- PROBLEM DETAILS -
Take the lines below between the one holding "Svart t-shirt från" and the one holding "latest specifications. |", inclusive, and copy them exactly. Add nothing.

- RECORDS FOR THIS EXERCISE -
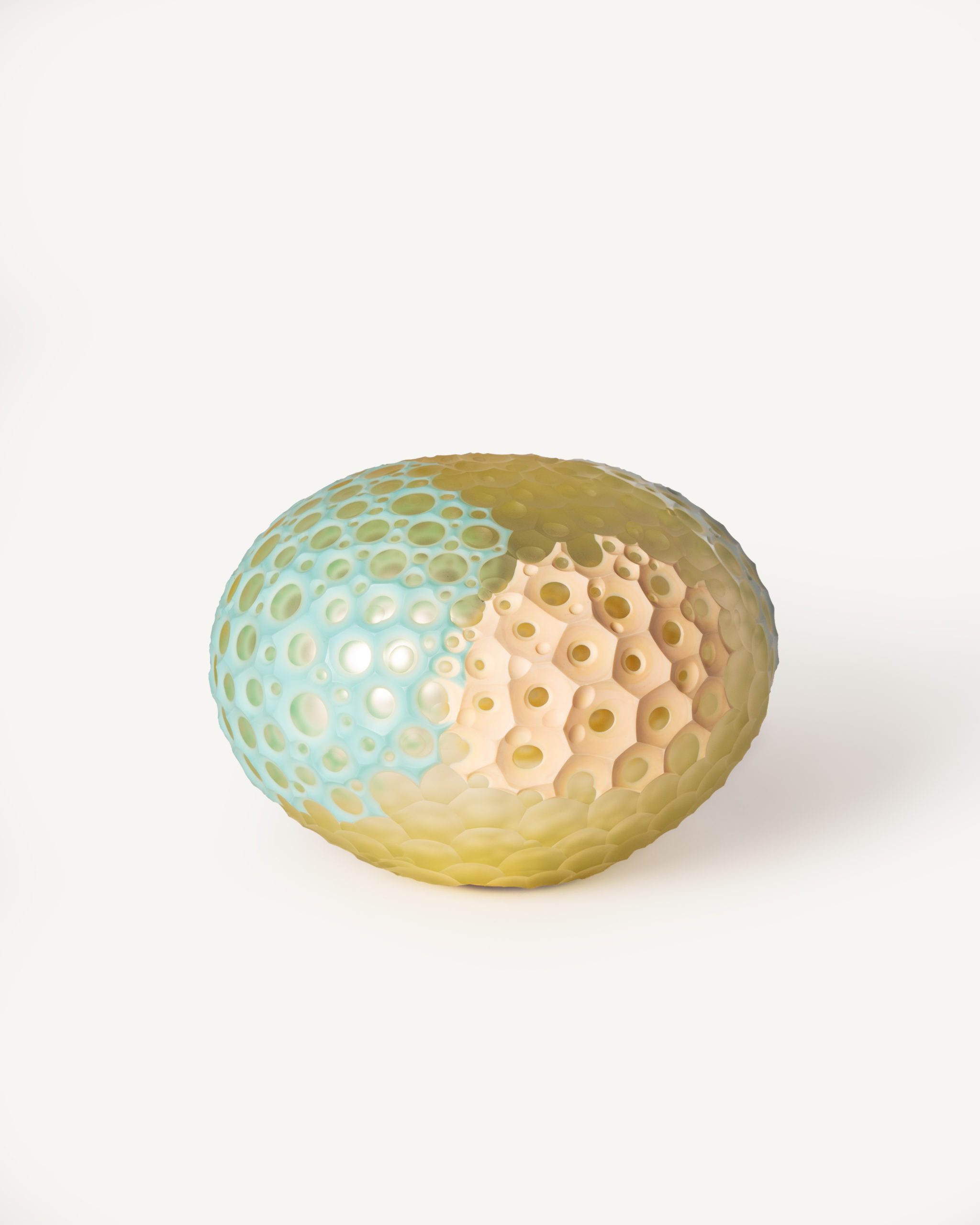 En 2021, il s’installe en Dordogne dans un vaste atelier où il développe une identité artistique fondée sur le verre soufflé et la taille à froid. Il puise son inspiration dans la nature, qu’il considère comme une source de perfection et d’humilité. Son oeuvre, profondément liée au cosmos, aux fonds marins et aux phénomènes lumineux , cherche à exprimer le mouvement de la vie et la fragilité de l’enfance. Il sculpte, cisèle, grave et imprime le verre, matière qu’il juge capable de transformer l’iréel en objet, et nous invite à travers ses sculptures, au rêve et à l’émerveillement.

...

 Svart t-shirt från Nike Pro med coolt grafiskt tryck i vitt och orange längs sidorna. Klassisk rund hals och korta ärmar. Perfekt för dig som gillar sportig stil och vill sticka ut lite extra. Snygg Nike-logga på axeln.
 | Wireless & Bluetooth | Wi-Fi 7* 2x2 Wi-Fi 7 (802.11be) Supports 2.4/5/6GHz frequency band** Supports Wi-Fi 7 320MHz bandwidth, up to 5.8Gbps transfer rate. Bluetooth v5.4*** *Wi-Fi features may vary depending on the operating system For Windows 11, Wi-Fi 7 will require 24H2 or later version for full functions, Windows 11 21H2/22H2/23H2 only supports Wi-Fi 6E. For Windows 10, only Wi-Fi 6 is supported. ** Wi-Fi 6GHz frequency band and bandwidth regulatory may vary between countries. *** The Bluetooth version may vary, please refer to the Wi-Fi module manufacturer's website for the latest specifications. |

- TASK ANSWER -
 Svart t-shirt från Nike Pro med coolt grafiskt tryck i vitt och orange längs sidorna. Klassisk rund hals och korta ärmar. Perfekt för dig som gillar sportig stil och vill sticka ut lite extra. Snygg Nike-logga på axeln.
 | Wireless & Bluetooth | Wi-Fi 7* 2x2 Wi-Fi 7 (802.11be) Supports 2.4/5/6GHz frequency band** Supports Wi-Fi 7 320MHz bandwidth, up to 5.8Gbps transfer rate. Bluetooth v5.4*** *Wi-Fi features may vary depending on the operating system For Windows 11, Wi-Fi 7 will require 24H2 or later version for full functions, Windows 11 21H2/22H2/23H2 only supports Wi-Fi 6E. For Windows 10, only Wi-Fi 6 is supported. ** Wi-Fi 6GHz frequency band and bandwidth regulatory may vary between countries. *** The Bluetooth version may vary, please refer to the Wi-Fi module manufacturer's website for the latest specifications. |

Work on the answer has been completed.